The book presents global experiences and proposes the design of a comprehensive Arabic corpus starting with one billion words for each of its four components, including a translation corpus between Arabic, English, and French for scientific and everyday purposes.


It is a project that integrates human awareness and interpretation into training machine learning data and introduces the Arabic language into the realm of artificial intelligence.

Professor Dr. Omar Ahmed Sheikh Al-Shabab is an academic born in Al-Mazza, Damascus, in 1947.


He specializes in text linguistics and translation theory, having studied at Damascus University and the Universities of Edinburgh and Aston in the UK (1971-1987).

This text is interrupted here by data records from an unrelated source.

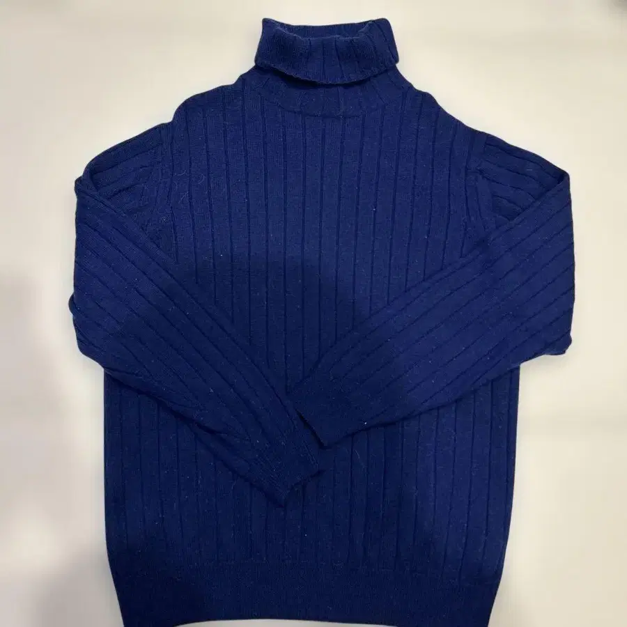 네이비 색상의 리브 터틀넥 스웨터, 사이즈 L.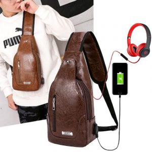 Men Multifunctional USB Casual Chest Bag Crossbody Bag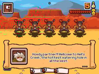 Deck build your way out of the heat with all the available tools the wild west has to offer. Clutch your purse tightly as you barrel past wave after wave of enemies in order to take down the Big Baddy and secure his oasis for yourself.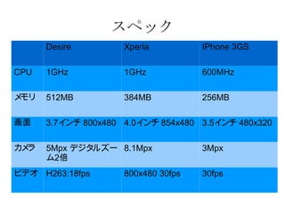 スペック Desire XperiaIPhone 3GS CPU 1GHz 1GHz 600MHz メモリ 512MB 384MB 256MB 画面 3.7 インチ 800x480 4.0 インチ 854x480 3.5 インチ 480x320 カメラ 5Mpx デジタルズーム 2 倍 8.1Mpx 3Mpx ビデオ H263:18fps 800x480 30fps 30fps - 3.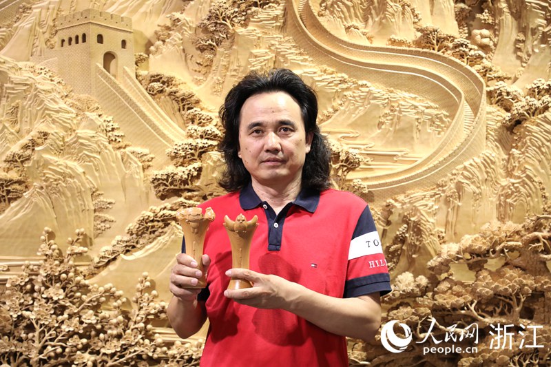 國家級非遺東陽木雕代表性傳承人黃小明手捧杭州亞運會頒獎花束花器部分(過程版)。人民網 方彭依夢攝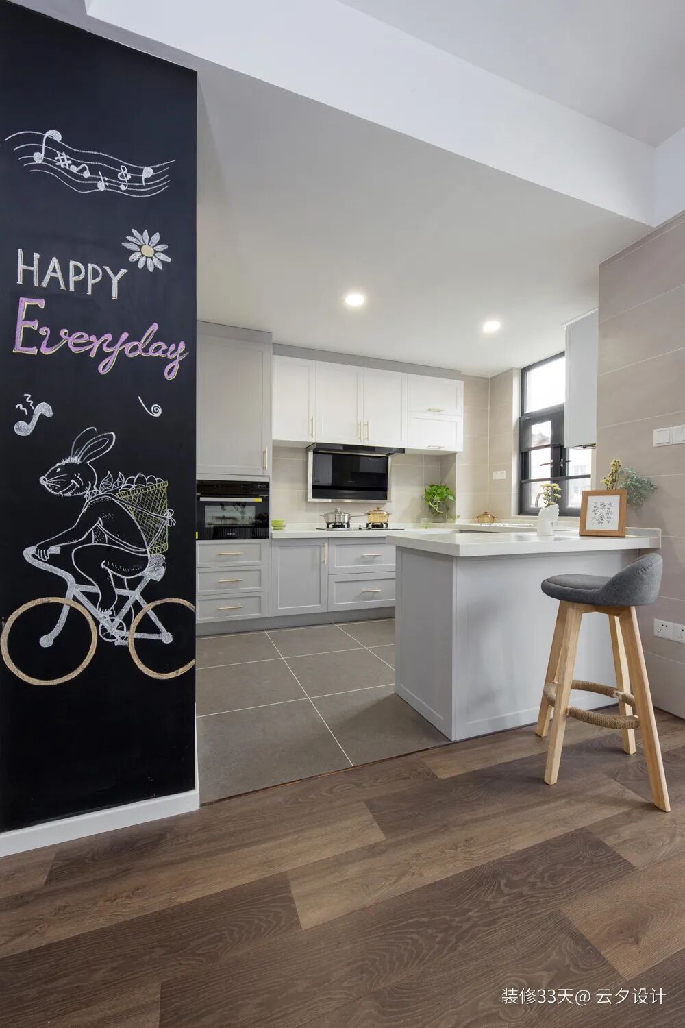 ▲ 打开餐边的厨房,开放式设计让餐厨连接更加紧密,同时通风和采光更好,左侧L型墙面做成磁性黑板墙,右侧为简餐吧台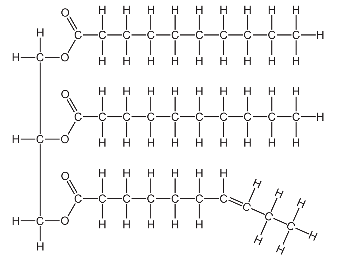 Triglycerides hydrolyze into 1 glycerol and 3 fatty acids. The diagram shows 2 saturated (no double bonds) and 1 unsaturated (with double bond) fatty acids. Glycogen (A/C) is incorrect as it’s a carbohydrate, not a lipid breakdown product.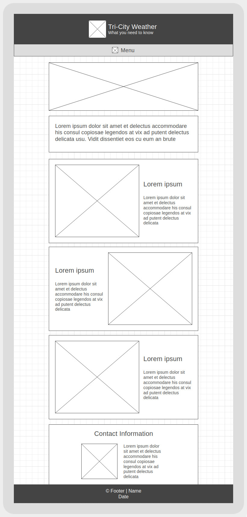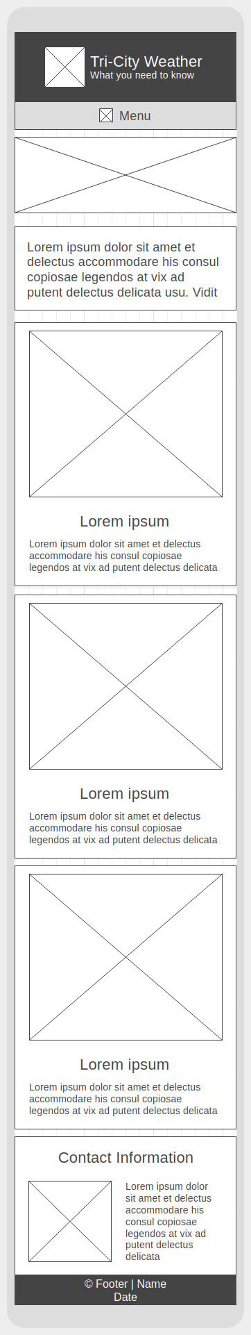 Deviations from wireframe: no padding around images to match hero image, images 50% width on tablet so there isn't too much vertical spacing around the text, images at bottom of vertical sections because the text is the important part, and town section flexbox matching width of main on desktop.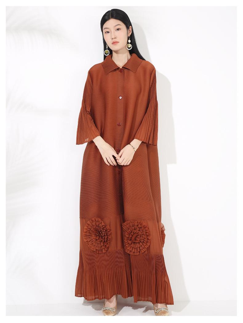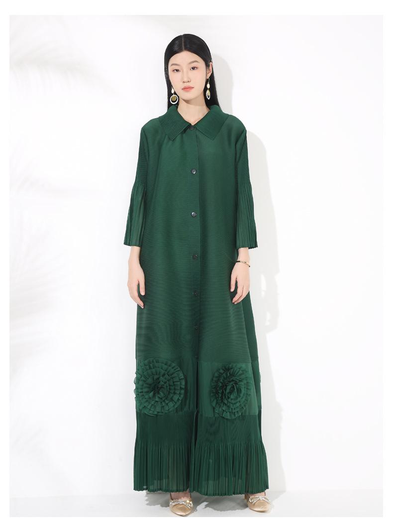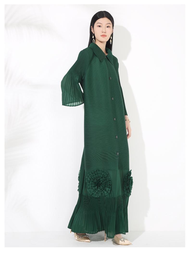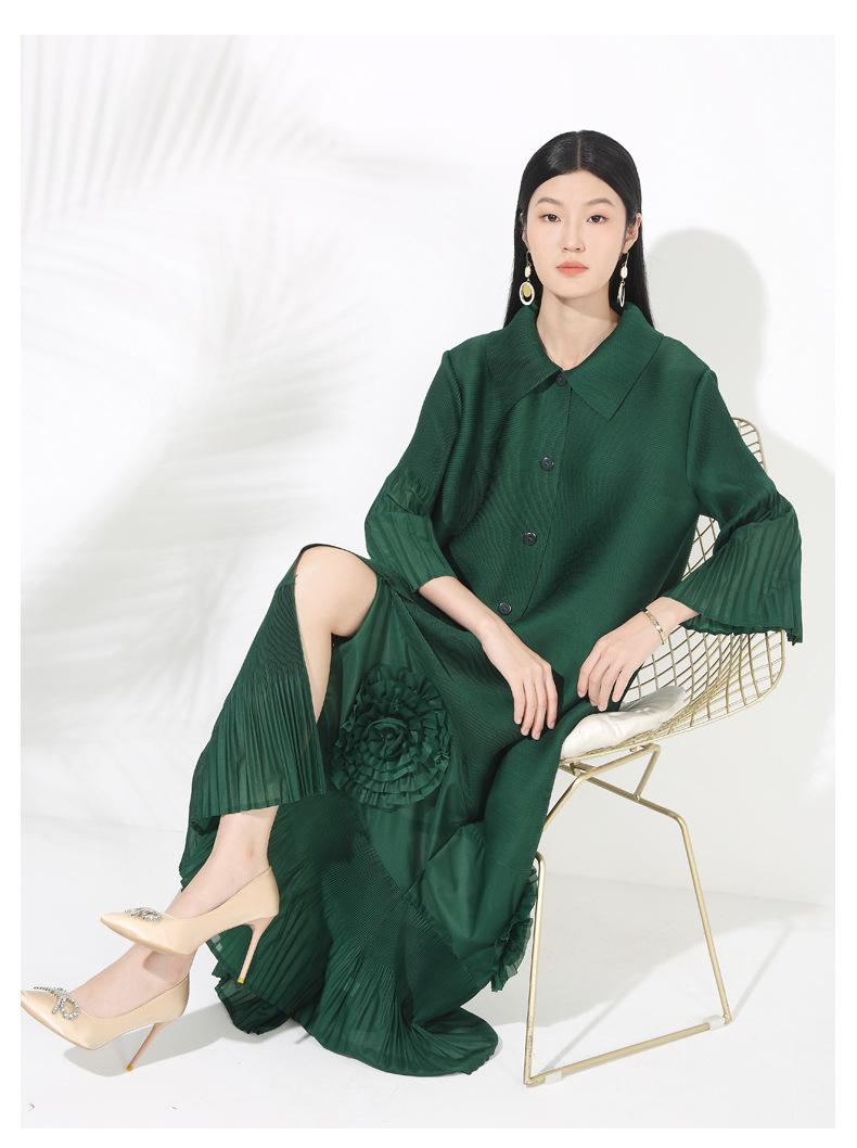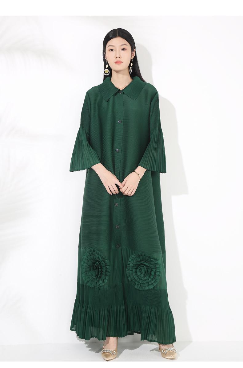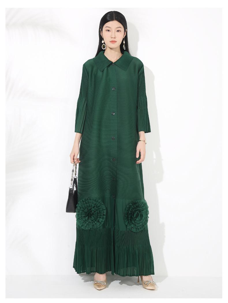 Vestido Nuevo Elegante Suelto Plisado para Mujer de Moda de Alta Gama Solapa Manga Trompeta Flor Largo Abotonado

He taught at the University of Aleppo (1987-1991) and King Faisal University in Al-Ahsa (1991-2014). He also supervised the Scientific Publishing and Research Units at the King Abdullah Institute for Translation and Arabization at Imam University in Riyadh (2014-2019) in Saudi Arabia.


He has published and co-authored more than forty research papers in his field.


His books include “Interpretation and the Language of Translation,” “From Necessity to Infinity,” and “Linguistic Interpretation,” published in Arabic, English, and French.


Since 2019, he has been teaching part-time at a private university based in Damascus.